** What is required **
Exact duplicates of the lines from the top of the data through the line containing "1. Германии2. Италии3." are needed, with every picture left out.
===== Raw data =====
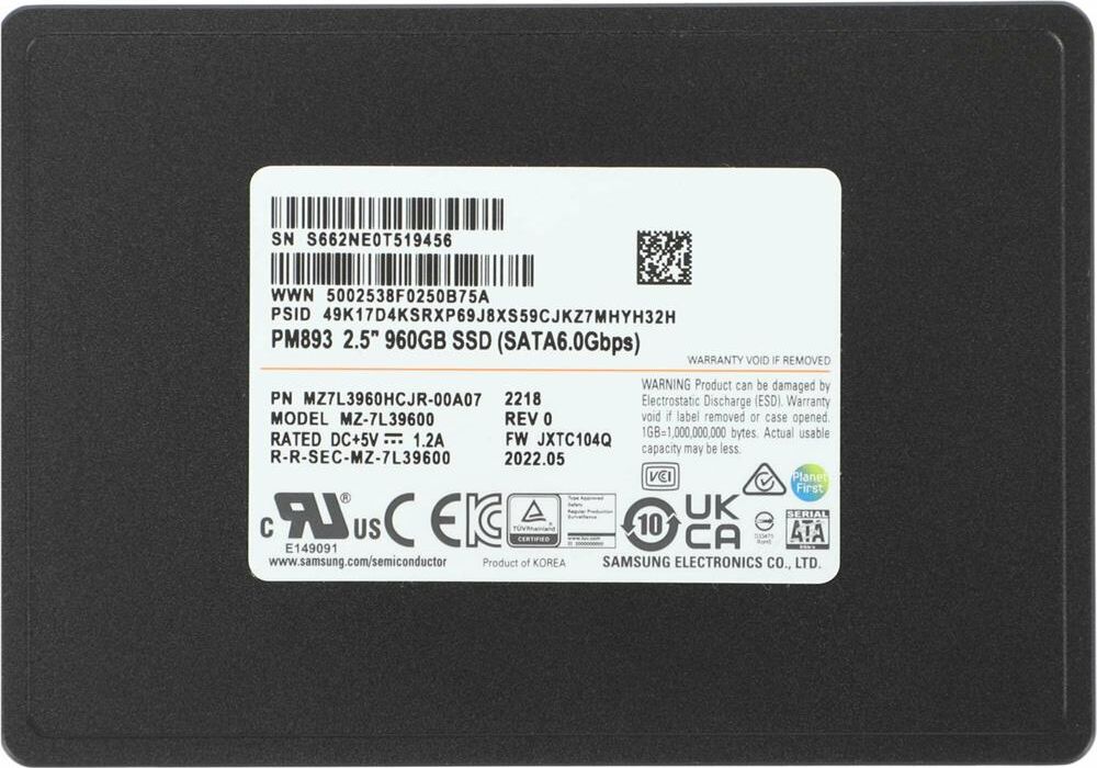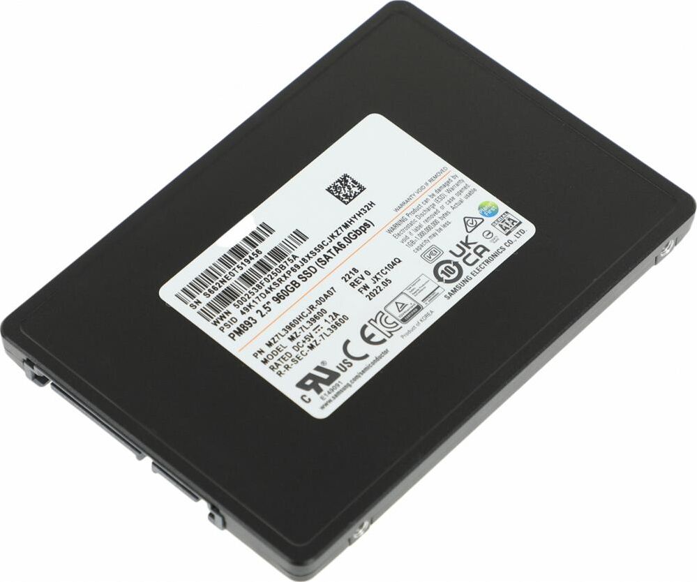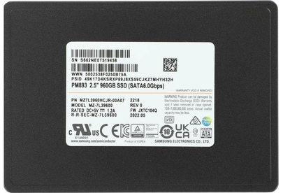 Диск SSD SAMSUNG SSD накопитель PM893 MZ7L3960HCJR-00A07 960ГБ, 2.5", SATA III, SATA, oem
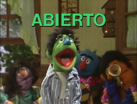 Muppets | Cerrado with Maria and an Anything Muppet (part 1). He sings a song about how everything is Cerrado, and at the end Maria gives him an Abierto sign, which opens everything in the house. (First: Episode 3015) |
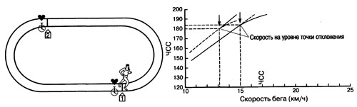 Из таких методов в практике функционального тестирования наиболее широко используется метод Конкони (Concord 1982). Согласно гипотезе Conconi, при прогрессирующем или ступенчатом нарастании мощности выполняемой физической нагрузки, начиная с минимального для спортсмена уровня, в определенный момент нарастание частоты сердечных сокращений отклоняется от прямолинейного; точка изгиба (дефлексии, от англ. deflection) косвенно соответствует уровню лактатного(анаэробного) порога(рис 10; 10.1).
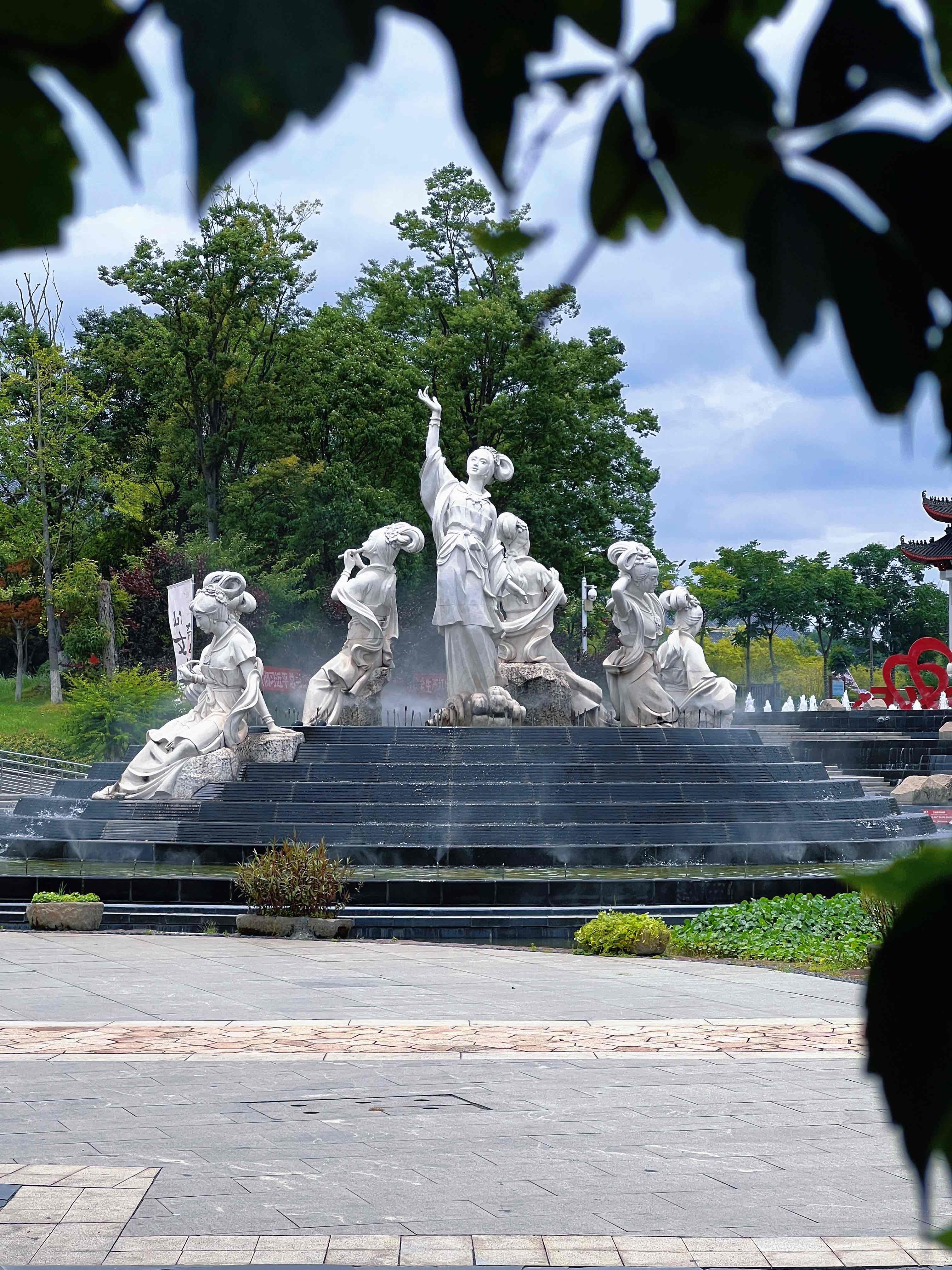 仙女湖的由来也是一个传说,从大门进入游客中心区域就有一个水台,水台中央就是传说中的七仙女;再往前走是非常具有年代感的仿古建筑,荷花池中立,颇有一番江西特色的景观。
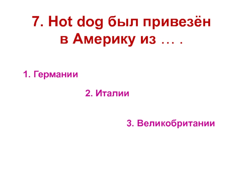 1. Германии2. Италии3. Великобритании7. Hot dog был привезён в Америку из … .
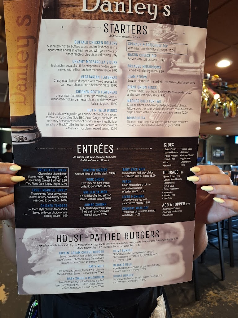 The only reason I am giving Danleys a 2 star review is because we had a nice waitress and we like the owners. My food came out incorrect today (for about the 4th time I have came in lately) I usually just let it go but this time mentioned it to a manager that walked by asking if everything was ok. She took my food to be redone after criticizing her own kitchen staff calling them airheads back there , then walked back over to me and said she thinks I m wrong about my food order being incorrect. At that point I just took the food because I m not going to argue with staff when I am out trying to enjoy myself with my family on my one day off. Then, while we sat at the high top we could hear 5 members of the staff gathered around the bar talking badly about us as if it was our fault they messed our order up. I m very disappointed, as we use to love coming to Danleys. Our server was amazing, although I think we will be taking a break from Danleys for now.
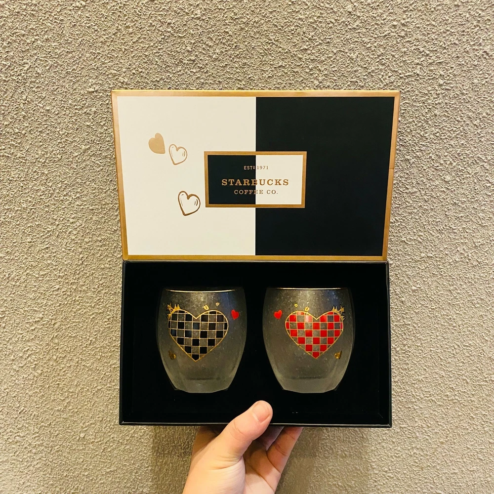 New2022 China Starbucks Valentine's Day Meet Match 12oz Glass Cups With Gift Box Material:Glass Capacity:12oz(350ml) Released time:2022.1.25 Package:two glass cup with gift box
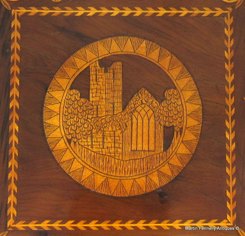 Mid to late Nineteenth Century. The square form thumb molded hinged cover with a central rectangular reserve with a view of Muckross Abbey surrounded with trailling Shamrock, inside is a view of an Irish Harp.Condition: This piece has been professionally restored, original firm hinges, lock and original key are present and working.
=====
** Written reply **
 Диск SSD SAMSUNG SSD накопитель PM893 MZ7L3960HCJR-00A07 960ГБ, 2.5", SATA III, SATA, oem
 Muppets | Cerrado with Maria and an Anything Muppet (part 1). He sings a song about how everything is Cerrado, and at the end Maria gives him an Abierto sign, which opens everything in the house. (First: Episode 3015) |
 Из таких методов в практике функционального тестирования наиболее широко используется метод Конкони (Concord 1982). Согласно гипотезе Conconi, при прогрессирующем или ступенчатом нарастании мощности выполняемой физической нагрузки, начиная с минимального для спортсмена уровня, в определенный момент нарастание частоты сердечных сокращений отклоняется от прямолинейного; точка изгиба (дефлексии, от англ. deflection) косвенно соответствует уровню лактатного(анаэробного) порога(рис 10; 10.1).
 仙女湖的由来也是一个传说,从大门进入游客中心区域就有一个水台,水台中央就是传说中的七仙女;再往前走是非常具有年代感的仿古建筑,荷花池中立,颇有一番江西特色的景观。
 1. Германии2. Италии3. Великобритании7. Hot dog был привезён в Америку из … .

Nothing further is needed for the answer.